Purpose: : Prenatal lead exposure produces supernormal scotopic ERGs in children as well as adult rats and monkeys. In the latter two, this correlates with decreased retinal [DA]. Supernormal scotopic ERGs also occur in early drug-free Parkinson’s patients and animals following DA AC loss via 6-OH DA. Previously we reported that GLE increased and prolonged progenitor cell proliferation, increased rods and bipolar cells, and decreased tyrosine hydroxylase positive (TH+ve) DA ACs without affecting other ACs. The goals of this study were to analyze the mode and temporal sequence of DA AC loss, measure retinal [TH] and DA metabolism, and examine scotopic ERGs in GLE mice.

Methods: : C57BL/6 female mice were exposed to water or lead throughout gestation and until postnatal day (PN10): a period equivalent to human gestation. Confocal studies used fixed-frozen vertical sections and fixed retinal wholemounts from developing and adult mice followed by stereological procedures. In adult retinas, immunoblots measured [TH]; HPLC analyzed [DA], [DOPAC] and [HVA]; DA utilization ([DOPAC]/[DA]) was calculated; and scotopic ERGs were assessed.

Results: : In developing GLE retinas, the number of apoptotic (caspase-3+ve) DA ACs was significantly increased and TH+ve labeling of sublamina 1 was decreased. In adult GLE mice, the number of TH+ve cells and density of axons ramifying in sublamina 1 were significantly decreased; [TH] was significantly decreased consistent with the DA AC loss; dark- and light-adapted [DA] was not changed, indicating normal TH activity; and [DOPAC] and [HVA] were significantly decreased, and thus DA utilization was significantly decreased. Unexpectedly, scotopic ERGs were not different from controls.

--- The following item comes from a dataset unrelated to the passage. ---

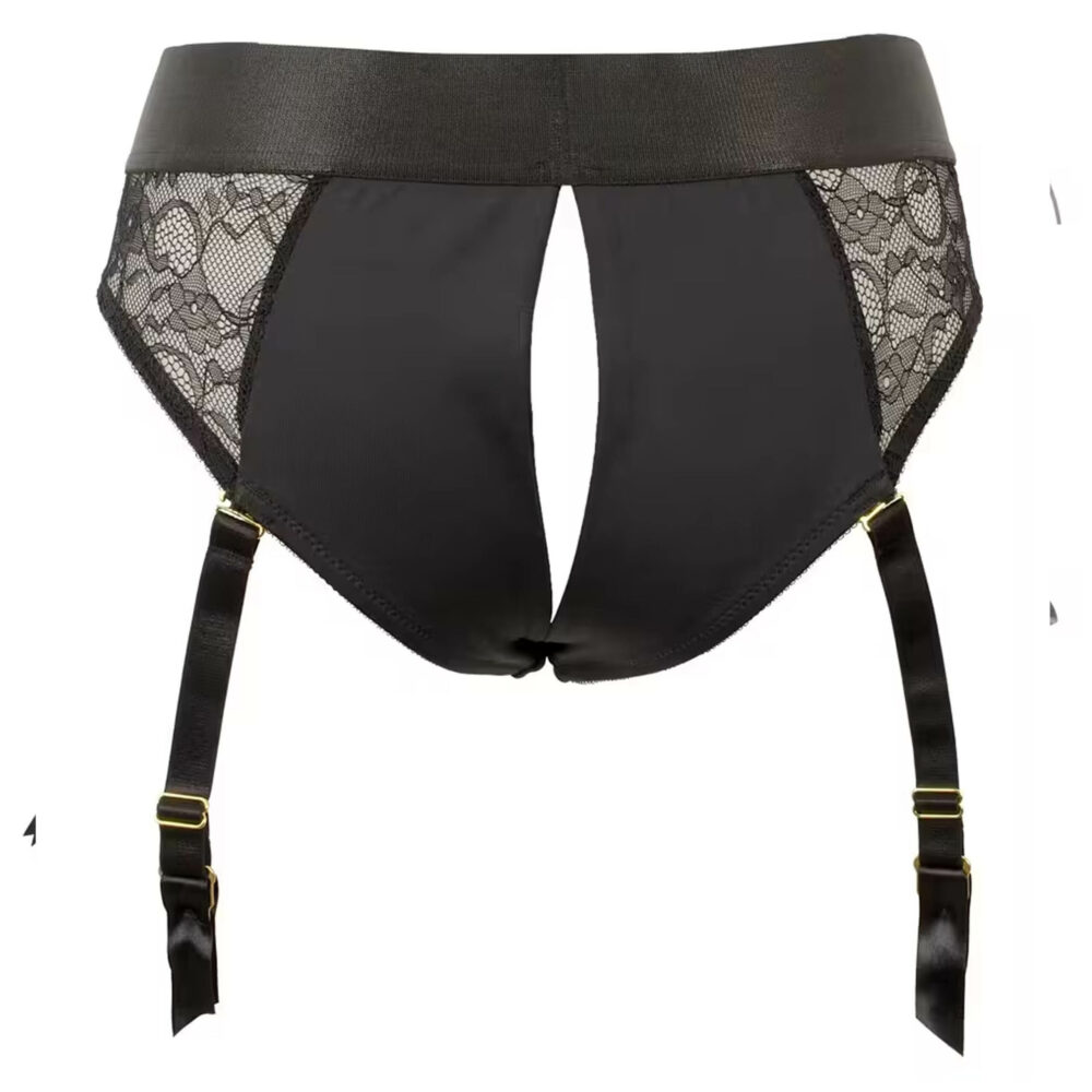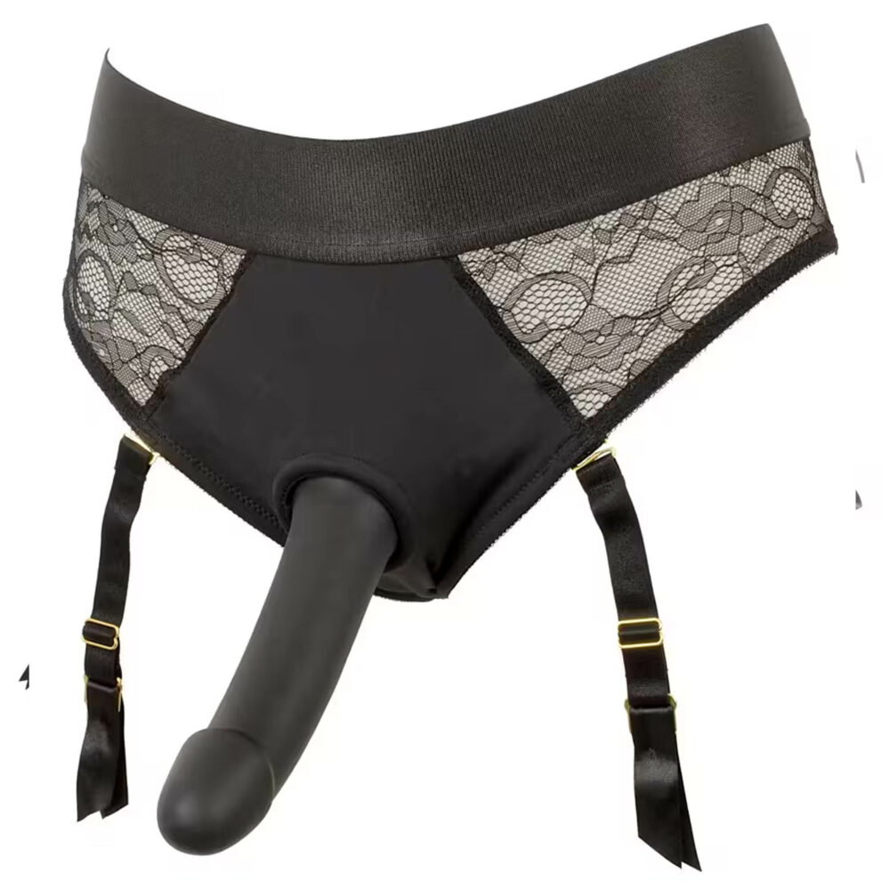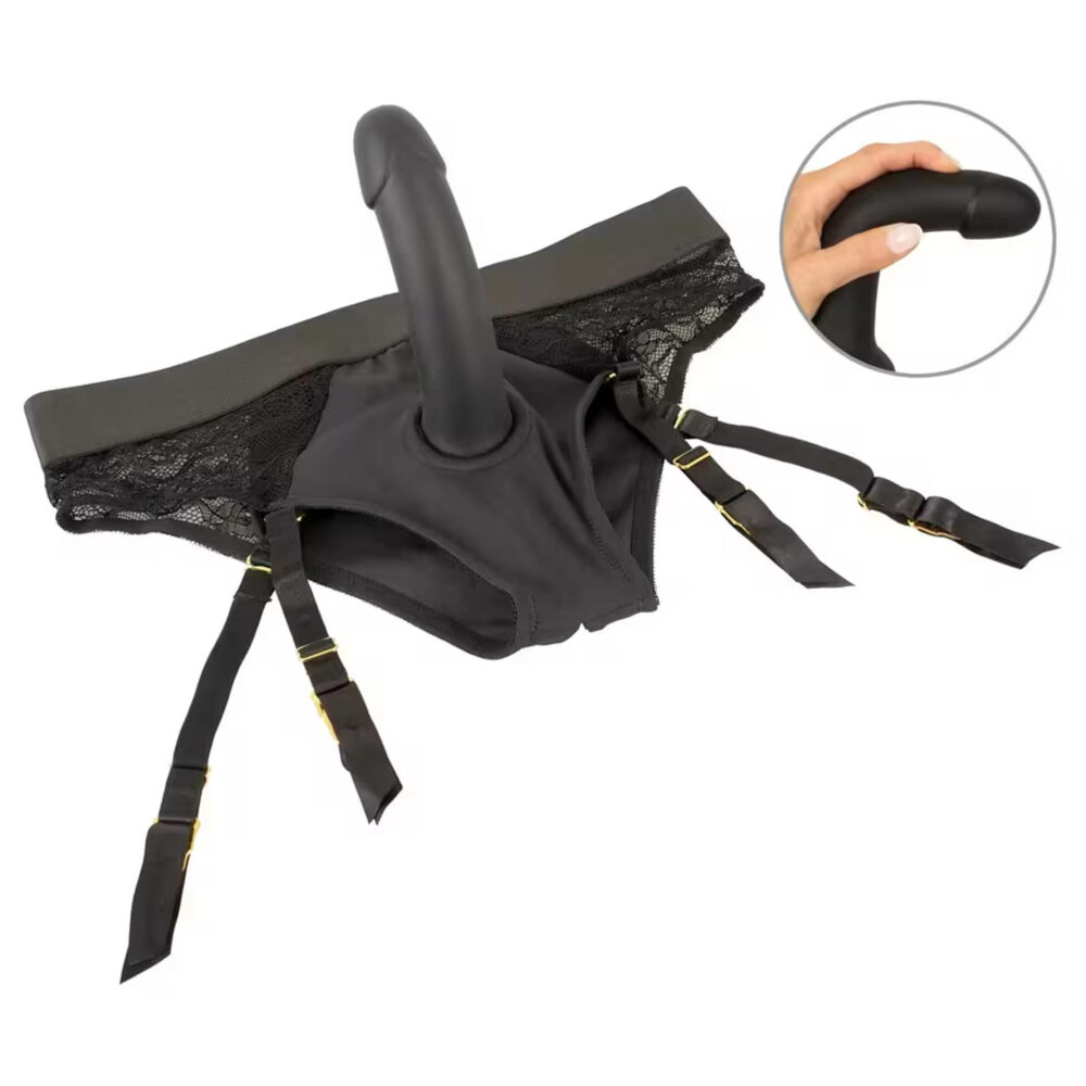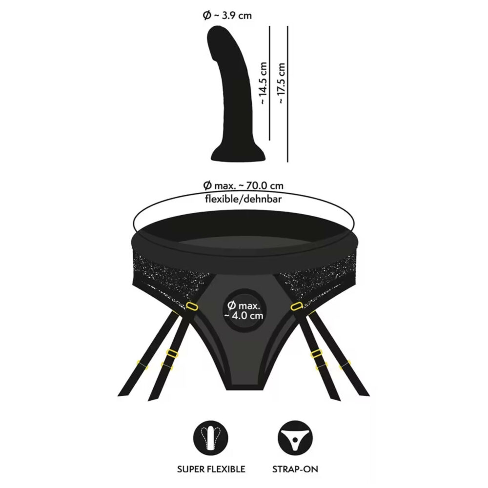 Crne strap-on gaćice su napravljene od rastegljive mešavine mikrofibera i čipke, što ih čini veoma udobnim za nošenje. Imaju dvostruki sloj materijala na prednjoj strani sa umetkom i diskretnim, rastegljivim prstenom. Uključeni dildo sa vakuumskom čašicom može se brzo i lako umetnuti u prsten na prednjoj strani gaćica. Bilo koji drugi dildo/vibrator sa vakuumskom čašicom (Ø maks. 4 cm) takođe se može koristiti sa gaćicama. Gaćice takođe imaju zavodljiv i primamljiv izrez preko zadnjice. Tregeri su podesivi i potpuno uklonjivi. Obim struka/kukova može se rastegnuti do maksimalno 70 cm. 88% poliamid, 10% elastan, 2% pamuk.

Conclusions: : The decreased DAergic utilization likely resulted from a decreased DA release. The reason for the absence of ERG supernormality in adult GLE mice compared to children, monkeys and rats with GLE exposure is not yet known, however, it appears related to decreased DA utilization. A loss of DA ACs and decreased DAergic utilization during development also could underlie the increased and prolonged proliferation of retinal progenitor cells seen in developing GLE retinas (ARVO 2007).